* Data to examine:
>>>>
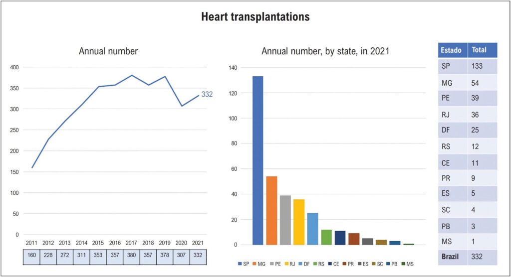 Patients with heart failure (HF) refractory to guideline-directed medical therapy should be considered for advanced therapies, such as heart transplantation (HT), ventricular assist devices, or even palliative care in cases where these procedures are contraindicated or unavailable. In this scenario, HT is the standard treatment. Brazil has shown a significant increase in the number of transplants in recent years, but this number is still not compatible with the number of patients who require this treatment. Furthermore, most transplants are concentrated in few regions and centers (). The following factors limit the growth in the number of HTs performed in Brazil: few qualified transplant centers, inadequate care for donors, critical condition of recipients, and limited access to medium- and long-term circulatory assist devices. Transplant centers aim to optimize recipients’ clinical condition, to create logistical conditions to increase the efficiency of organ procurement, and to train professionals, thus generating a positive impact on the number and the outcomes of transplants. The organization of a transplant center with a multidisciplinary team is essential to improve not only the care provided to the recipient, but also the entire process involved in HT, including organ procurement. Transplant centers are composed of a broad multidisciplinary team responsible for evaluating and optimizing recipients’ clinical conditions, evaluation of donors, operationalization of procurement, perioperative care, and long-term care of HT recipients (). Teams are usually composed of the following: clinical cardiologists, cardiovascular surgeons dedicated to HT, nurses, biomedical doctors, intensive care specialists, infectious disease specialists, pathologists, immunologists, and others.
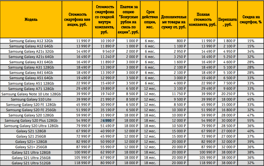 Условия акции «Самсунг Галакси А30 за 99 рублей в месяц»
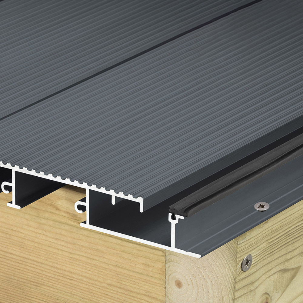 Enhance your outdoor space with the Alupave Grey Decking Board, a durable and stylish decking and flat-roofing system. Engineered for longevity, this system features a double-seal connexion between boards, preventing water ingress and protecting your substructure. The high-quality extruded aluminium construction, combined with a double-peak anti-wear surface, ensures it withstands heavy use. A key safety feature is its fire rating, making it suitable for high-rise applications. The integrated gutter system provides superior water management, while completely concealed fasteners deliver a clean, contemporary aesthetic. Available in 3m lengths.
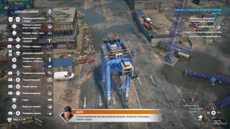 Однако в Docked внесли элементы повышенного реализма и взаимодействия. В предыдущих симуляторах от Saber герой чудесным образом перемещался из одного транспорта в другой, не покидая салона. Теперь же многие миссии стартуют вне техники — вы пешком направляетесь к грузовику, погрузчику или крану, взбираетесь по ступеням, иногда включаете питание, заводите мотор и лишь затем приступаете к делу. Порой требуется покинуть кабину, вернуться обратно и пересесть в другую машину, но чаще доступно стандартное переключение между героями, сопровождаемое репликами. Это тоже не революционное новшество (поклонникам жанра вряд ли требовалось подобное), однако без таких деталей данная игра стала бы менее интересной.
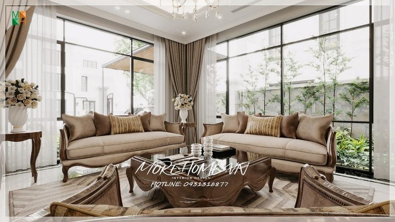 Bộ sofa đặc biệt với khung gỗ bằng gỗ óc chó tự nhiên cao cấp, kết hợp với đệm bọc nhung màu nâu êm ái sẽ làm nên sự hoàn hảo cho phòng khách biệt thự tân cổ điển.
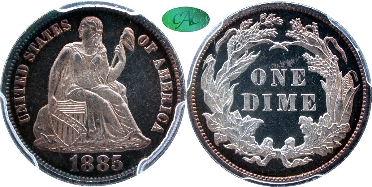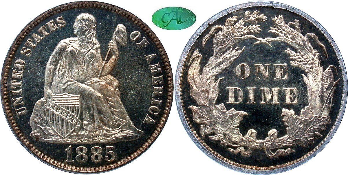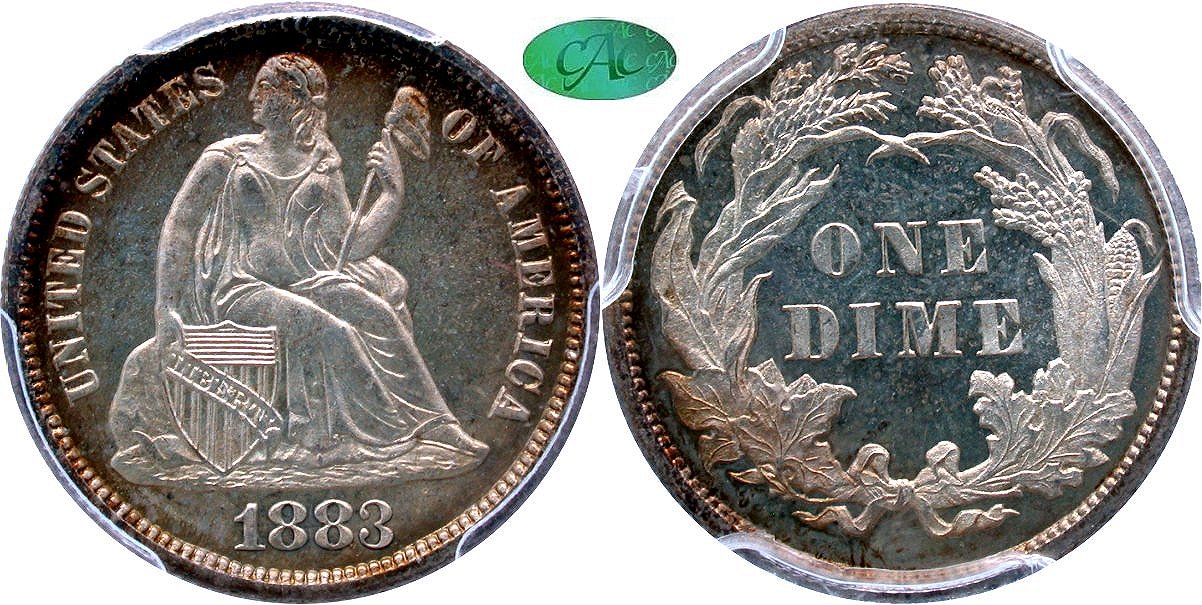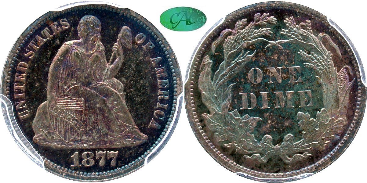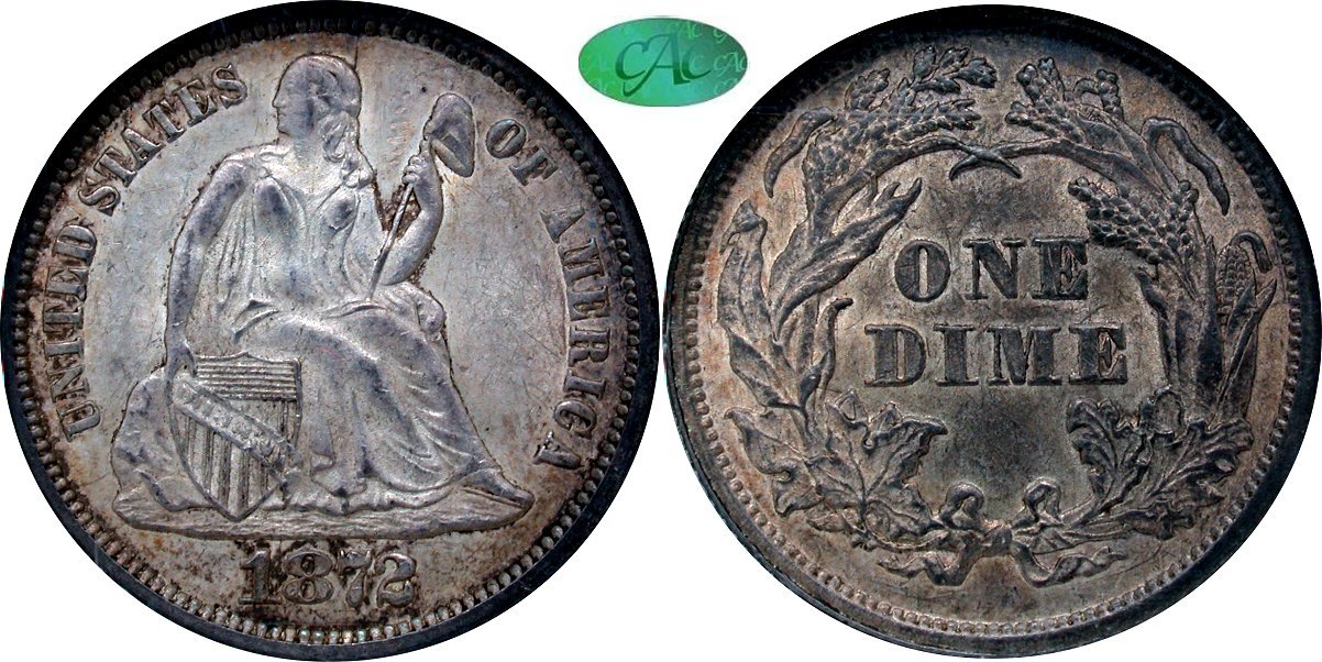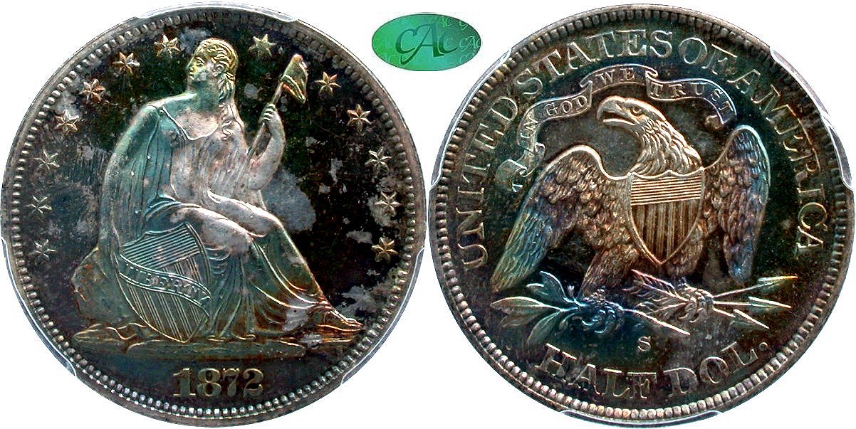 Gem $950 Watery Mirrored, Colorful Presentation, Pristine Surfaces, Fresh CACG Grading. 1872 Liberty Seated half dimes proof strikes totaled 950 pieces. This survivor has been meticulous preserved leading to a host of positive attributes. First are the watery mirrors noted under a bright light along with colorful toning that consists of blues, aquamarine, and gold on the obverse while the reverse presents a rose center surrounded by green-gold overlaying the wreath. Second are the pristine surfaces without any traces of a single hairline. Finally, the strike is fully executed along with partial wire rims. The watery mirrors will be thoroughly enjoyed under a bright light. The lovely little half dime has been conservatively graded and is housed in new CAC Grading holder and graded consistent with CAC approval standards.
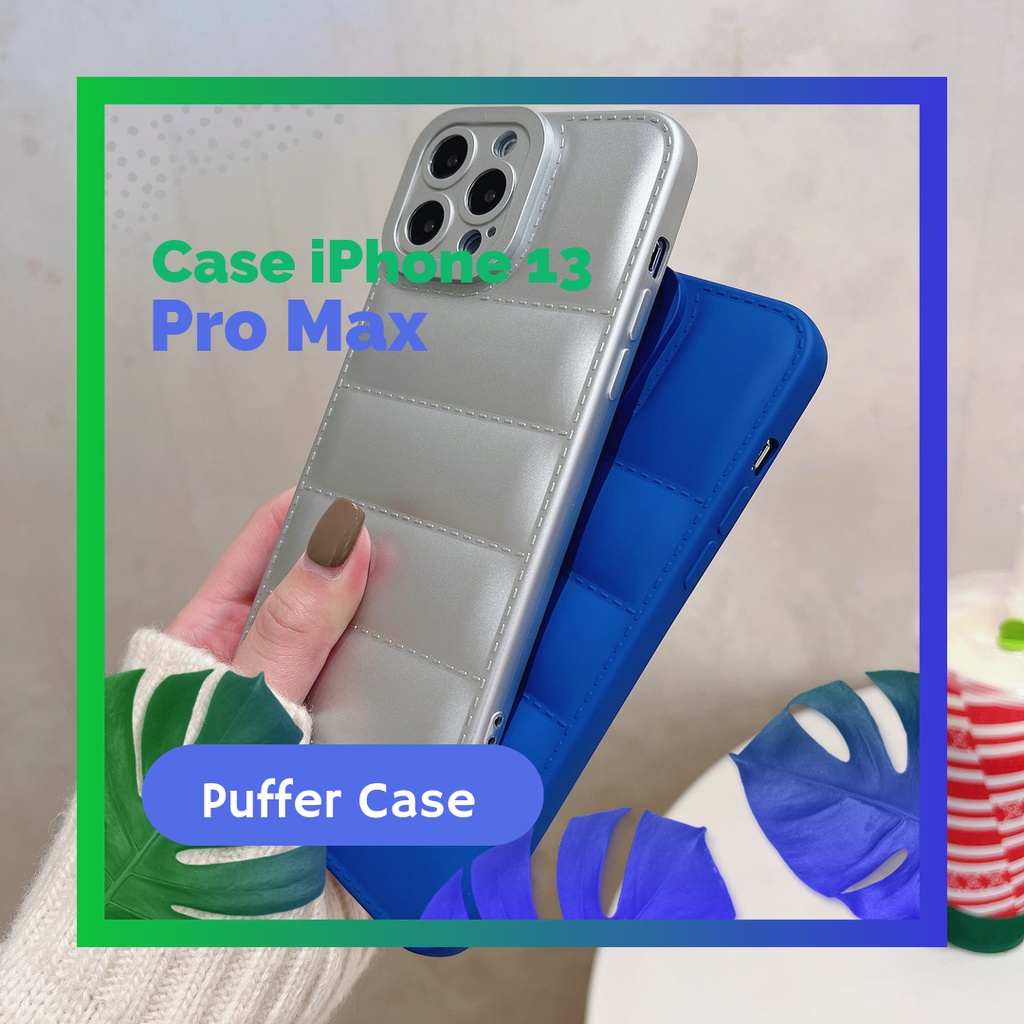 Puffer case iPhone 13 ProMax winter edition dengan material luar kain seperti pada jaket atau pakaian pada musim dingin.
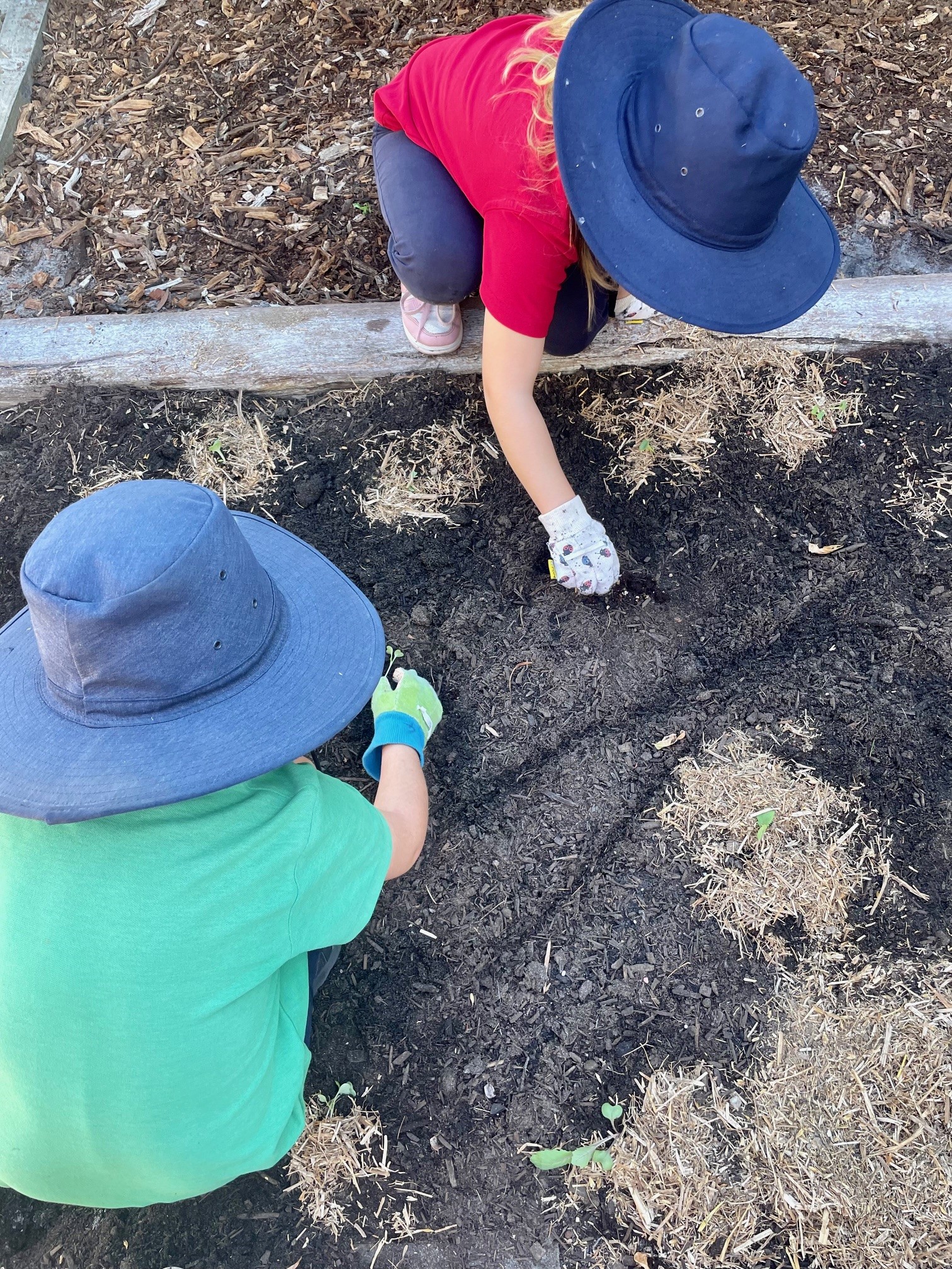 On Wednesday, the children and their teachers made the most of the beautiful Autumn day by planting a veggie garden in a previously unused area of the playground. The children planted broccoli, cauliflower, cabbage, peas and herbs. They are very excited to see their new garden grow and look forward to caring for and maintaining it throughout the term.
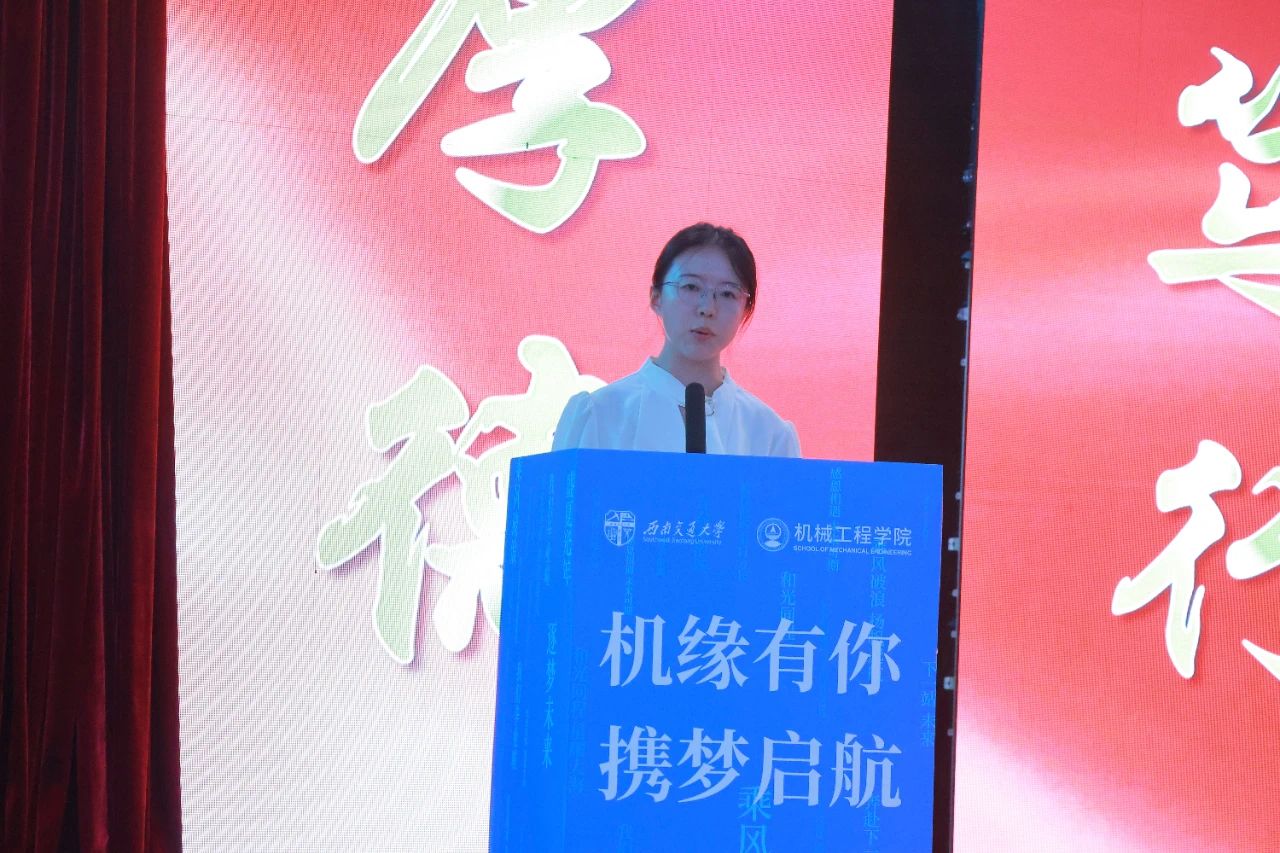 学子心声诉深情,家校共育感师恩博士毕业生代表孙瑞雪、本科毕业生代表朱艾新同学先后发言。他们深情回顾了在学院求学的点滴成长与收获,表达了对母校、学院、师长和同窗的无限感激与不舍,并分享了在学习科研、竞赛实践中的难忘经历,展现了机械学子的风采与担当。他们表示将带着“竢实扬华,自强不息”的交大精神,在未来的道路上砥砺前行。
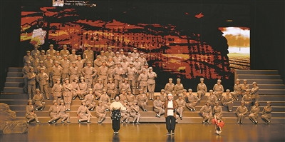 本报7月31日讯 “八一”建军节来临之际,7月27日晚,由青岛市委宣传部、青岛市退役军人事务局指导,崂山区委宣传部、崂山区文化和旅游局、崂山区退役军人事务局主办的崂山区庆“八一”“奋进新征程 建功新时代”文艺宣讲活动——红色音乐史诗·大型声乐套曲《西柏坡组歌-人间正道是沧桑》在青岛大剧院隆重上演。
<<<<
* Assignment: The material must be returned exactly, with its pictures omitted.

* Solution to the problem:
 Patients with heart failure (HF) refractory to guideline-directed medical therapy should be considered for advanced therapies, such as heart transplantation (HT), ventricular assist devices, or even palliative care in cases where these procedures are contraindicated or unavailable. In this scenario, HT is the standard treatment. Brazil has shown a significant increase in the number of transplants in recent years, but this number is still not compatible with the number of patients who require this treatment. Furthermore, most transplants are concentrated in few regions and centers (). The following factors limit the growth in the number of HTs performed in Brazil: few qualified transplant centers, inadequate care for donors, critical condition of recipients, and limited access to medium- and long-term circulatory assist devices. Transplant centers aim to optimize recipients’ clinical condition, to create logistical conditions to increase the efficiency of organ procurement, and to train professionals, thus generating a positive impact on the number and the outcomes of transplants. The organization of a transplant center with a multidisciplinary team is essential to improve not only the care provided to the recipient, but also the entire process involved in HT, including organ procurement. Transplant centers are composed of a broad multidisciplinary team responsible for evaluating and optimizing recipients’ clinical conditions, evaluation of donors, operationalization of procurement, perioperative care, and long-term care of HT recipients (). Teams are usually composed of the following: clinical cardiologists, cardiovascular surgeons dedicated to HT, nurses, biomedical doctors, intensive care specialists, infectious disease specialists, pathologists, immunologists, and others.
 Условия акции «Самсунг Галакси А30 за 99 рублей в месяц»
 Enhance your outdoor space with the Alupave Grey Decking Board, a durable and stylish decking and flat-roofing system. Engineered for longevity, this system features a double-seal connexion between boards, preventing water ingress and protecting your substructure. The high-quality extruded aluminium construction, combined with a double-peak anti-wear surface, ensures it withstands heavy use. A key safety feature is its fire rating, making it suitable for high-rise applications. The integrated gutter system provides superior water management, while completely concealed fasteners deliver a clean, contemporary aesthetic. Available in 3m lengths.
 Однако в Docked внесли элементы повышенного реализма и взаимодействия. В предыдущих симуляторах от Saber герой чудесным образом перемещался из одного транспорта в другой, не покидая салона. Теперь же многие миссии стартуют вне техники — вы пешком направляетесь к грузовику, погрузчику или крану, взбираетесь по ступеням, иногда включаете питание, заводите мотор и лишь затем приступаете к делу. Порой требуется покинуть кабину, вернуться обратно и пересесть в другую машину, но чаще доступно стандартное переключение между героями, сопровождаемое репликами. Это тоже не революционное новшество (поклонникам жанра вряд ли требовалось подобное), однако без таких деталей данная игра стала бы менее интересной.
 Bộ sofa đặc biệt với khung gỗ bằng gỗ óc chó tự nhiên cao cấp, kết hợp với đệm bọc nhung màu nâu êm ái sẽ làm nên sự hoàn hảo cho phòng khách biệt thự tân cổ điển.
 Gem $950 Watery Mirrored, Colorful Presentation, Pristine Surfaces, Fresh CACG Grading. 1872 Liberty Seated half dimes proof strikes totaled 950 pieces. This survivor has been meticulous preserved leading to a host of positive attributes. First are the watery mirrors noted under a bright light along with colorful toning that consists of blues, aquamarine, and gold on the obverse while the reverse presents a rose center surrounded by green-gold overlaying the wreath. Second are the pristine surfaces without any traces of a single hairline. Finally, the strike is fully executed along with partial wire rims. The watery mirrors will be thoroughly enjoyed under a bright light. The lovely little half dime has been conservatively graded and is housed in new CAC Grading holder and graded consistent with CAC approval standards.
 Puffer case iPhone 13 ProMax winter edition dengan material luar kain seperti pada jaket atau pakaian pada musim dingin.
 On Wednesday, the children and their teachers made the most of the beautiful Autumn day by planting a veggie garden in a previously unused area of the playground. The children planted broccoli, cauliflower, cabbage, peas and herbs. They are very excited to see their new garden grow and look forward to caring for and maintaining it throughout the term.
 学子心声诉深情,家校共育感师恩博士毕业生代表孙瑞雪、本科毕业生代表朱艾新同学先后发言。他们深情回顾了在学院求学的点滴成长与收获,表达了对母校、学院、师长和同窗的无限感激与不舍,并分享了在学习科研、竞赛实践中的难忘经历,展现了机械学子的风采与担当。他们表示将带着“竢实扬华,自强不息”的交大精神,在未来的道路上砥砺前行。
 本报7月31日讯 “八一”建军节来临之际,7月27日晚,由青岛市委宣传部、青岛市退役军人事务局指导,崂山区委宣传部、崂山区文化和旅游局、崂山区退役军人事务局主办的崂山区庆“八一”“奋进新征程 建功新时代”文艺宣讲活动——红色音乐史诗·大型声乐套曲《西柏坡组歌-人间正道是沧桑》在青岛大剧院隆重上演。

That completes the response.